Criticou ainda a forma como o setor de IA comunica com o público, por se focar em excesso em riscos catastróficos e destruição de emprego, sem explicar com clareza os benefícios práticos nem como mitigar os potenciais efeitos negativos.
Segundo Altman, o debate tende a ignorar como a IA pode aumentar o poder individual e a liberdade pessoal.
Altman continua a esperar melhorias rápidas nos sistemas de IA, mas não acredita que uma automação mais sofisticada elimine o valor da interação humana.
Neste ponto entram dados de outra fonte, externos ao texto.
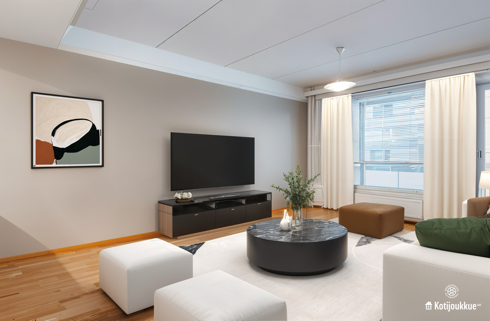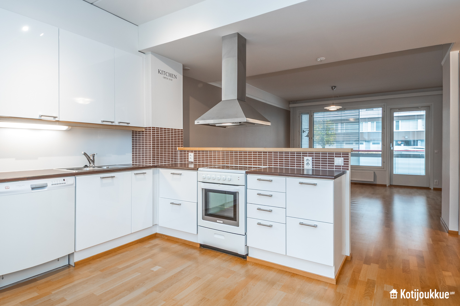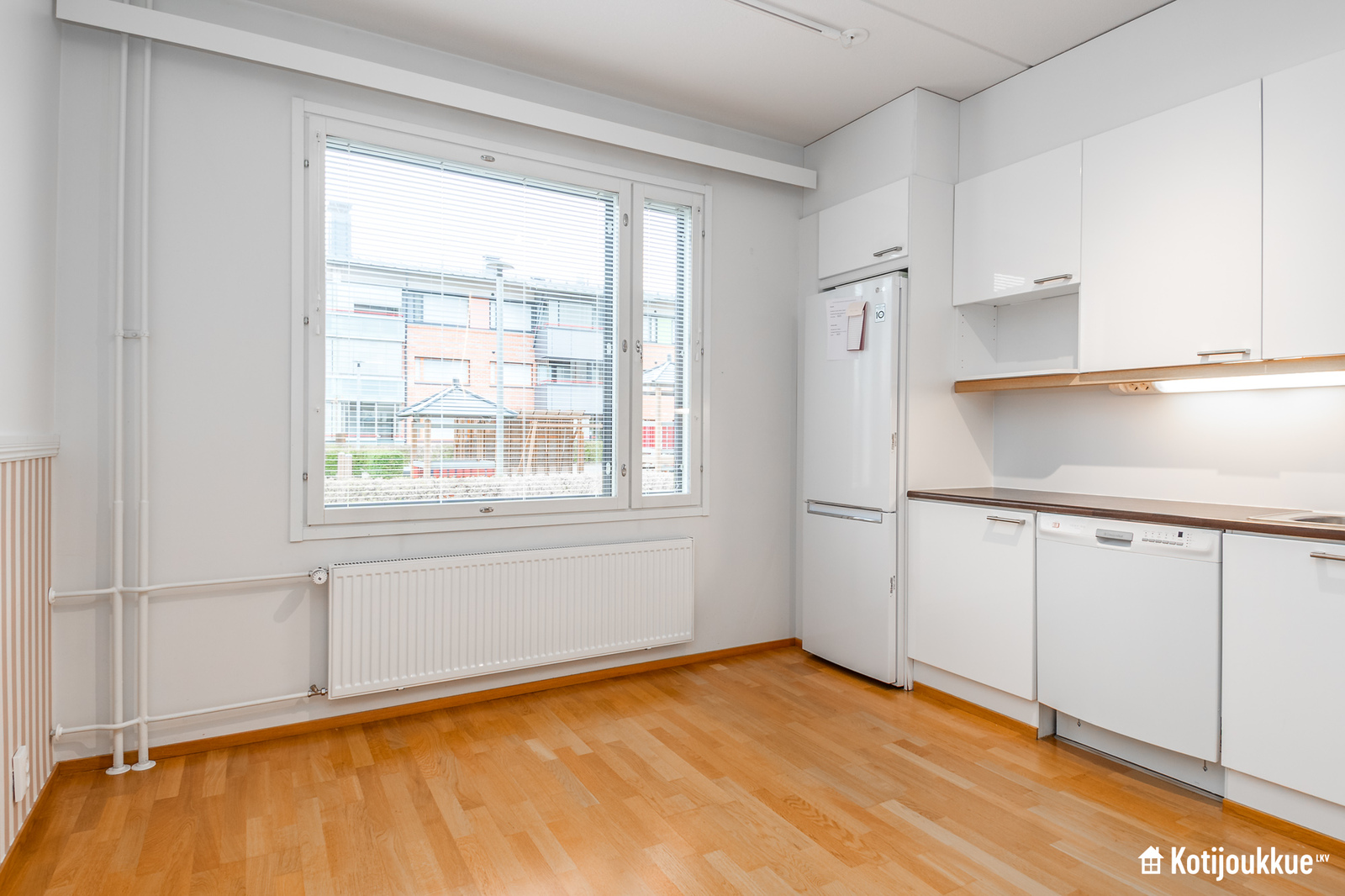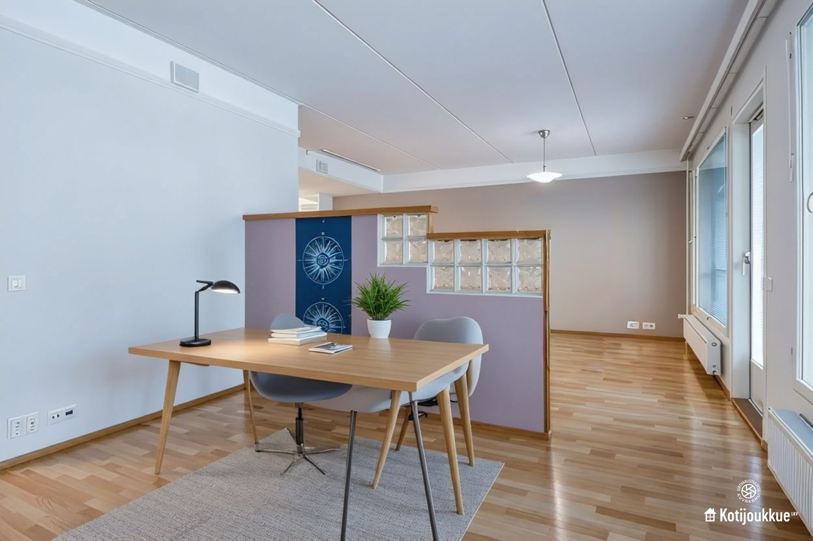 Kodin tyylikäs, vaalea ja harmoninen värimaailma sekä laadukkaat kalusteet luovat hienot puitteet asumiselle. Keittiö ja olohuone muodostavat kauniin, yhtenäisen tilan, jossa paikkansa löytää niin ruokapöytä kuin sohvaryhmäkin. Olohuoneen yhteydessä on pienellä väliseinällä jaettu tila, joka toimii erinomaisesti, vaikka työhuoneena.
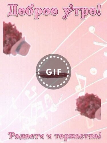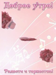 Красивая поздравительная открытка с надписью «Доброе утро! Радости и торжества!». Изображение выполнено в нежных розовых тонах с элементами музыкальных нот и декоративными цветочными композициями. Идеально подходит для отправки в мессенджерах (WhatsApp, Viber) или социальных сетях, чтобы пожелать близким, друзьям и коллегам прекрасного начала дня, вдохновения и позитивного настроения. Музыкальная тематика и мягкая цветовая гамма создают атмосферу легкости и праздника.
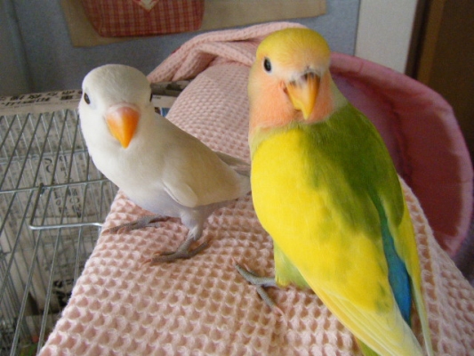 同じケージに入れられており、こんな鳥がこの世にいたのかと思うほど可愛くて、しばらく見とれてしまいました。
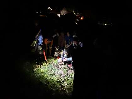 ビレジの外に出ました。少し歩くと、あたりは真っ暗です。少しずつ、目が慣れてきました。
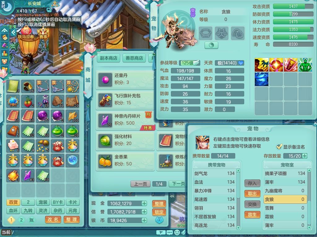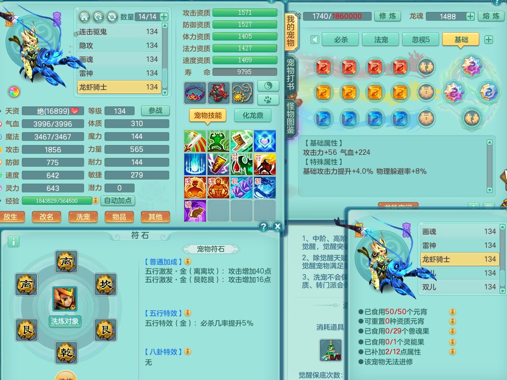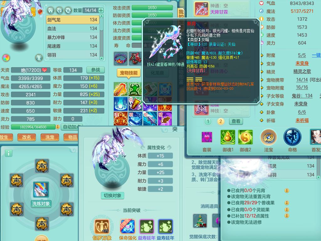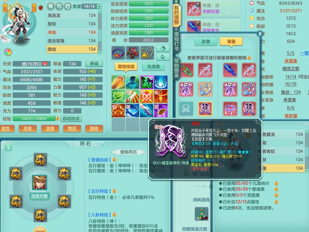 jt9686九天揽月129女五庄【潜龙号】精灵舞,2龙(换)2内(1青蛇),综合14只满果子7觉醒8个纯6字,全身高单加8红,强壮笑里衣服,愤怒Y腰带,迅捷鞋,物理729单加Y武器,防御破血衣服,鼎4.0+56+224,202天月卡,永久背饰,43内丹碎片,2坐骑(1只双人)
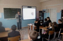 Первый урок в Архангельской СОШ был посвящен Универсиаде, которая пройдет в 2013 году в г. Казани. Учащимся были предложены для просмотра слайды с изображением г. Казани, олимпийской деревни, стадиона и талисмана – Юни, котенка крылатого снежного барса. Рассказали о волонтёрах. Также дети приняли участие в викторине. -
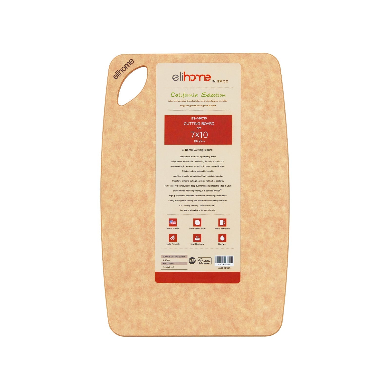 - Made in the USA from high-density pine leaf material, this 7"x 10"x 1/4" (18 x 27 x 0.65 cm) cutting board is perfect for slicing, cutting, and serving, especially ideal for fruits, nuts, and cheese serving. - The reversible design allows you simply flip the board over and explore your endless options with both sides for different food types. - Knife friendly, resist deep cut marks, and protects knives. Nonporous, do not absorb odor or harbor bacteria. - Solid durable fiberwood material resists warping and is not easy to crack, durable for daily use. - Built-in thumb hole for easy grip & move around in busy kitchen and storage. - Heat resistant up to 350°F, and can be used as a trivet. Maintenance-free, easy-clean, and 100% dishwasher-safe. - Made from high-density pine leaf material, made by high temperature and high pressure, safe and healthy for your everyday meal preparation. NSF certified. - Perfect for slicing, cutting, and serving, the options are endless. - Limited lifetime warranty.
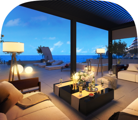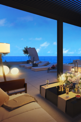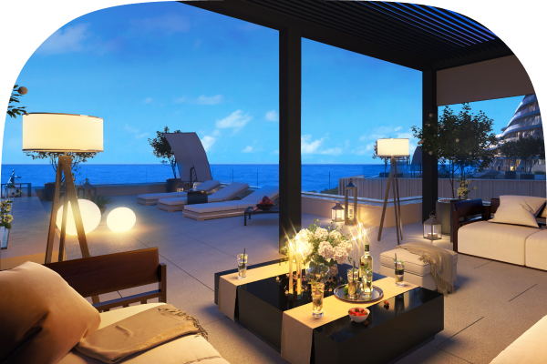 Три уровня и шесть террас, обрамляющих частное пространство, открывают живописную красоту прибрежной полосы с разных ракурсов. За завтраком вы сможете наблюдать сверкающую гладь воды, а по вечерам — встречать неповторимые закаты на собственной панорамной крыше. Для максимальной приватности владельцев предусмотрен отдельный вход и персональный лифт.
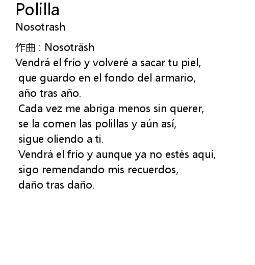 | Vendra el fri o y volvere a sacar tu piel, | |
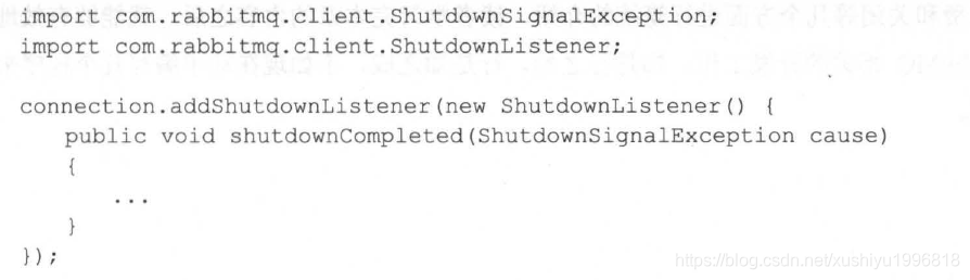 在Connection和Channel中,与关闭相关的方法有addShutdownListener (ShutdownListener listener)和remove ShutdownListener (ShutdownListner tistener)。当Connection或者Channel的状态转变为Closed的时候会调用 ShutdownListener。而且如果将一个ShutdownListener注册到一个已经处于Closed 状态的对象(这里特指Connection和Channel对象)时,会立刻调用ShutdownListener.getCloseReason方法可以让你知道对象关闭的原因;
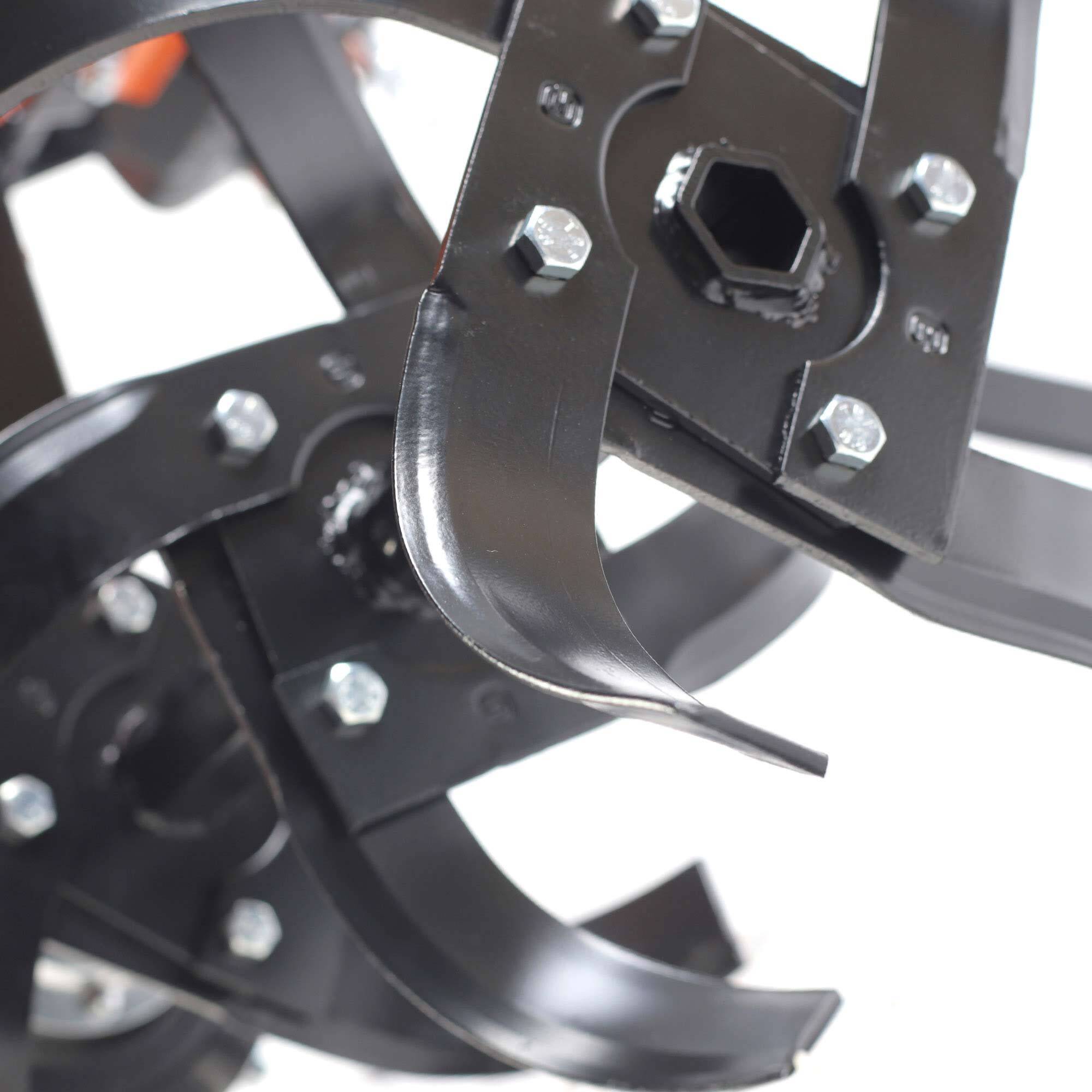 7 л.с, 212 см.куб, топливный бак 3.6 л, 0.6 л картер, ширина обработки 90 см, глубина 16-30 см, фрезы 32 см, чугунный редуктор, 4 вперед/2 назад, 4-х тактный двигатель, шкив
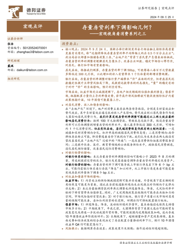 【德邦证券】【20240925】宏观视角看消费系列之三:存量房贷利率下调影响几何?-16页
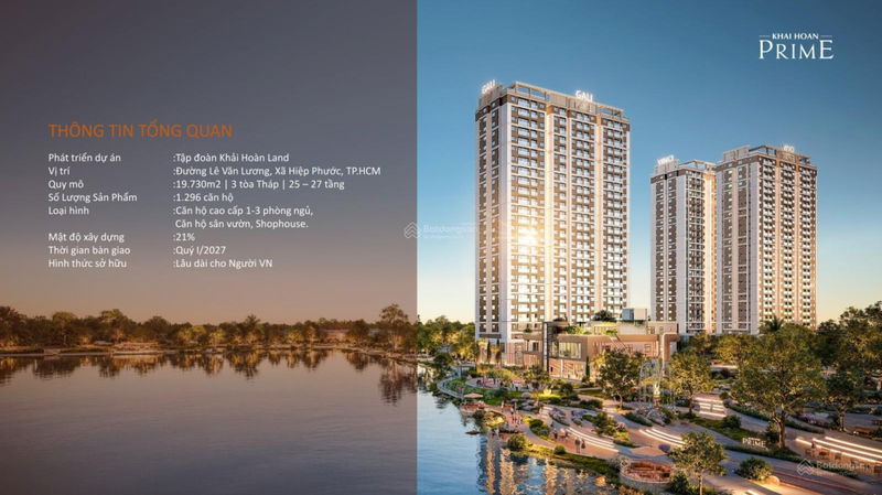 Khải Hoàn Prime 61 67 (2PN) Lê Văn Lương, Nhơn Đức, Nhà Bè View sông, nội thất Hafele, gần ZeitGeist, 10 phút Phú Mỹ Hưng
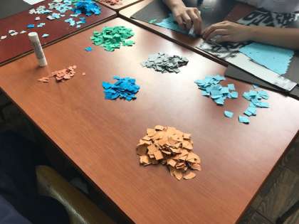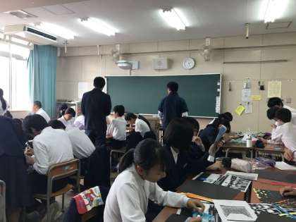 今日の5,6時間目は「文化の集い」の学年展示の製作をしました。
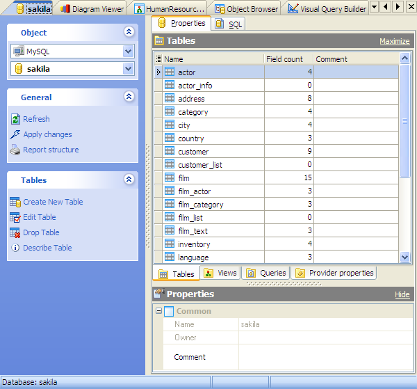 Every tab is intended for managing corresponding database objects (e.g. tables, views, queries, etc.). Open the object in its editor by double-clicking or pressing the Enter key. The popup menu allows you to create new, edit or drop the selected database objects. Using this menu you can also create a copy of the object.
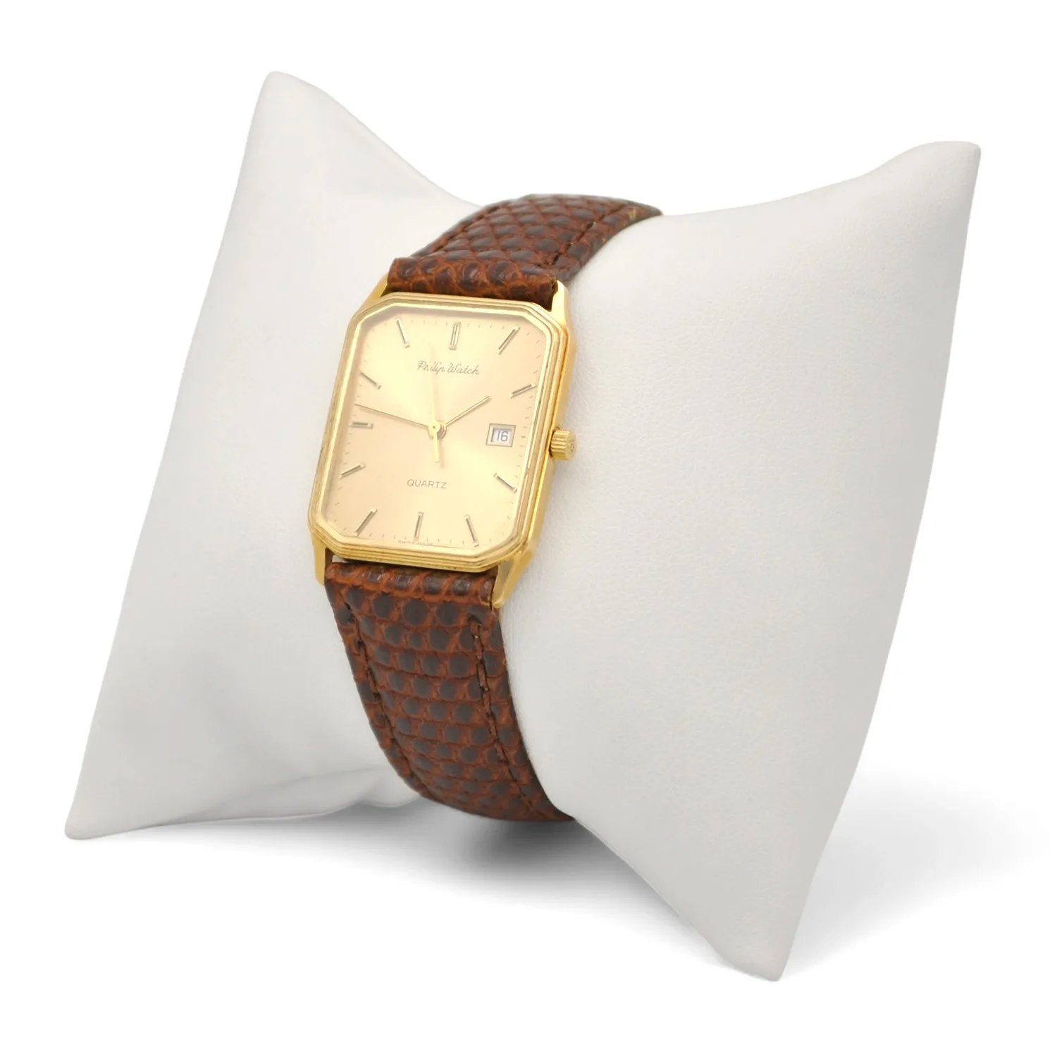 Splendido Philip Watch vintage in oro con cassa rettangolare, simbolo di raffinatezza e stile. Movimento al quarzo preciso e affidabile. Un gioiello per chi ama l'eleganza senza tempo.

Na sua visão, as pessoas vão continuar a procurar outras pessoas, mesmo quando a IA conseguir produzir conteúdos de maior qualidade, conduzir conversas mais avançadas ou concluir tarefas com maior eficiência.
A própria trajetória da OpenAI ilustra esse percurso mais lento: Altman recordou que a empresa, fundada em 2016, levou cerca de quatro anos e meio até alcançar uma grande rutura tecnológica. Mesmo após o lançamento do ChatGPT, alguns colaboradores duvidaram de que o crescimento se mantivesse, enquanto o investidor Peter Thiel pressionava Altman a apostar no chatbot como uma nova interface, à semelhança da pesquisa da Google.